Impaired CHD6 function links misregulation of autophagy and DNA damage response to premature ageing [RNA-Seq]

Members of the Chromodomain-Helicase-DNA binding (CHD) protein family are chromatin remodelers critically implicated in human pathologies. CHD6 is the least studied member of this family, and we were motivated to dissect its in-cell roles by discovering a mutated CHD6 allele in a patient suffering from the rare Hallermann-Streiff premature aging syndrome (HSS). We generated isogenic iPSC lines carrying (or not) this single point mutation in the CHD6 SANT/SLIDE domain, which allow studying HSS-relevant cell identities. Using these lines, we show for the first time that CHD6 binds the promoters of a cohort of autophagy and stress response genes across cell types. This CHD6 mutation impairs its ability to recruit co-factors and regulate genes in response to DNA damage and autophagy stimulation, thus leading to accumulation of unresolved DNA damage burden. By combining genomics and functional assays, we describe a molecular mechanism underlying chromatin control of autophagic flux and genotoxic stress surveillance that is broadly applicable to human cell types and can explain HSS establishment.

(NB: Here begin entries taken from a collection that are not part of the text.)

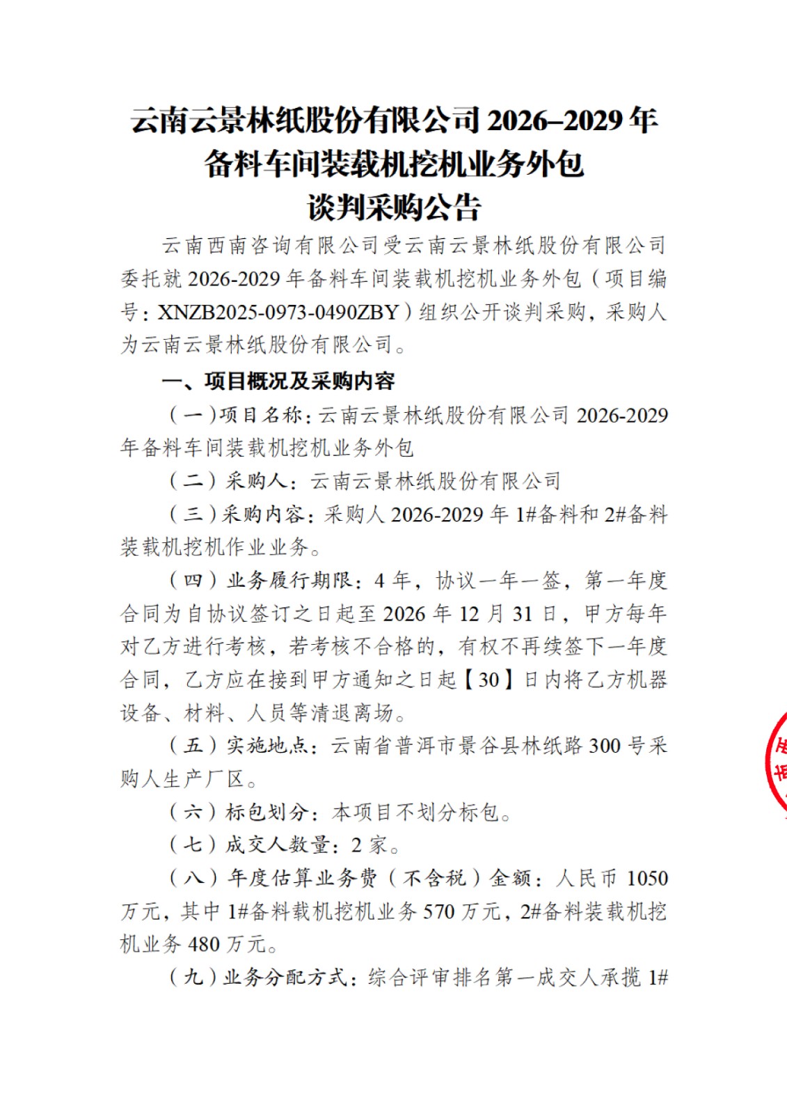 云南云景林紙股份有限公司2026-2029年備料車間裝載機(jī)挖機(jī)業(yè)務(wù)外包談判采購(gòu)公告
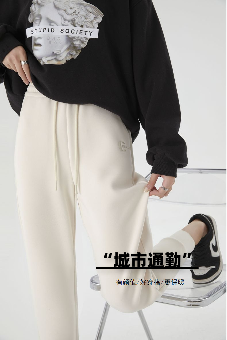 [무시 벨벳 방풍 바지] 겨울 여자 새 700g 양면 무시 벨벳 스포츠 남녀 캐주얼 욕실 바지
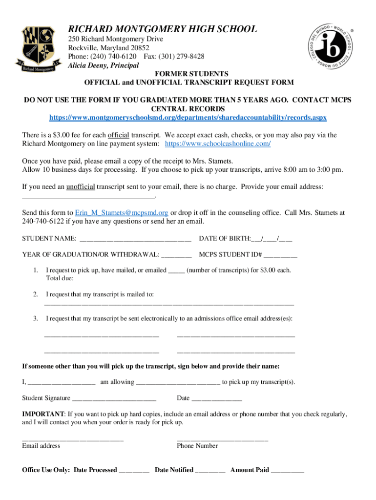 RICHARD MONTGOMERY HIGH SCHOOL 250 Richard Montgomery Drive Rockville, Maryland 20852 Phone: (240) 7406120 Fax: (301) 2798428 Alicia Deny, Principal FORMER STUDENTS OFFICIAL and UNOFFICIAL TRANSCRIPT
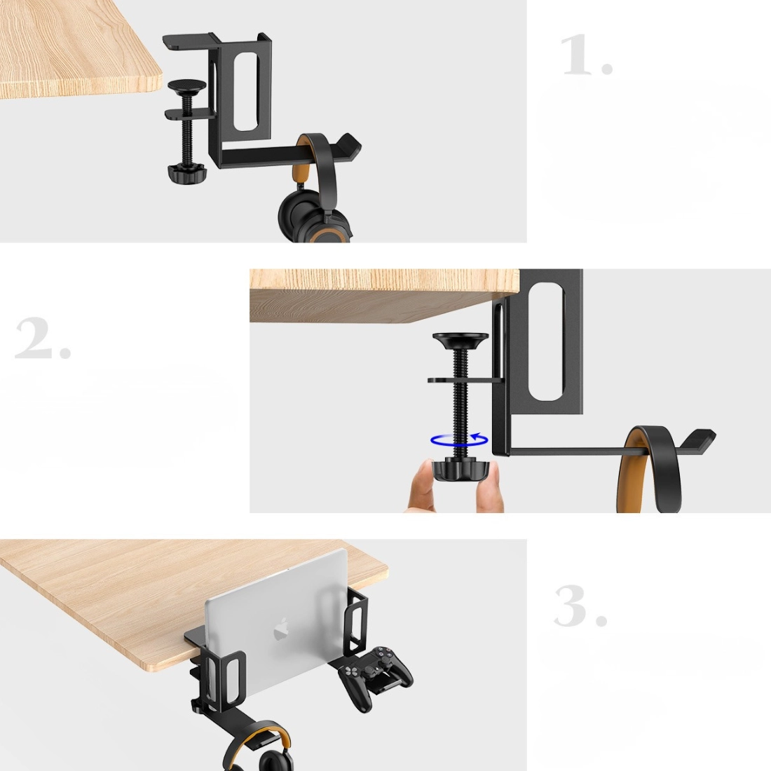- Typ produktu: uchwyt podbiurkowy 2w1 na laptopa i słuchawki
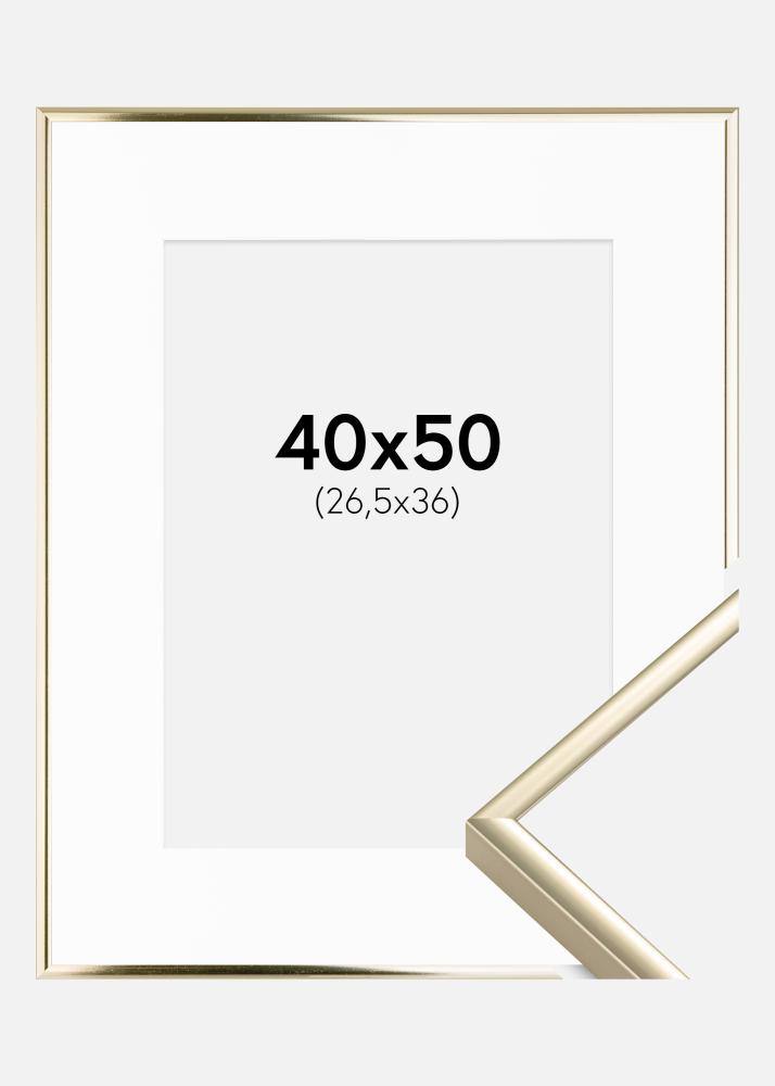 Cornice Alluminio Finitura brillante Oro 40x50 - Passe-partout Bianco 27,5x37 cm

染色质解旋酶DNA结合（Chromodomain-Helicase-DNA binding, CHD）蛋白家族的成员均为染色质重塑因子，在人类疾病发生发展中扮演关键角色。CHD6是该家族中研究程度最低的成员，我们在一名罹患罕见霍尔曼-斯特里夫早衰综合征（Hallermann-Streiff premature aging syndrome, HSS）的患者体内发现了突变的CHD6等位基因，由此着手解析其在细胞内的功能角色。我们构建了携带（或不携带）CHD6 SANT/SLIDE结构域单点突变的同基因诱导多能干细胞（induced pluripotent stem cell, iPSC）系，该细胞模型可用于研究与HSS相关的细胞身份特征。利用这些细胞系，我们首次证实CHD6可在多种细胞类型中结合一批自噬相关基因与应激反应基因的启动子区域。该CHD6突变会削弱其招募辅因子以及响应DNA损伤与自噬刺激以调控基因表达的能力，进而导致未修复的DNA损伤负荷积累。通过整合基因组学与功能实验手段，我们阐明了染色质调控自噬流与遗传毒性应激监测的分子机制，该机制可广泛适用于人类各类细胞研究，并可解释HSS的发病机制。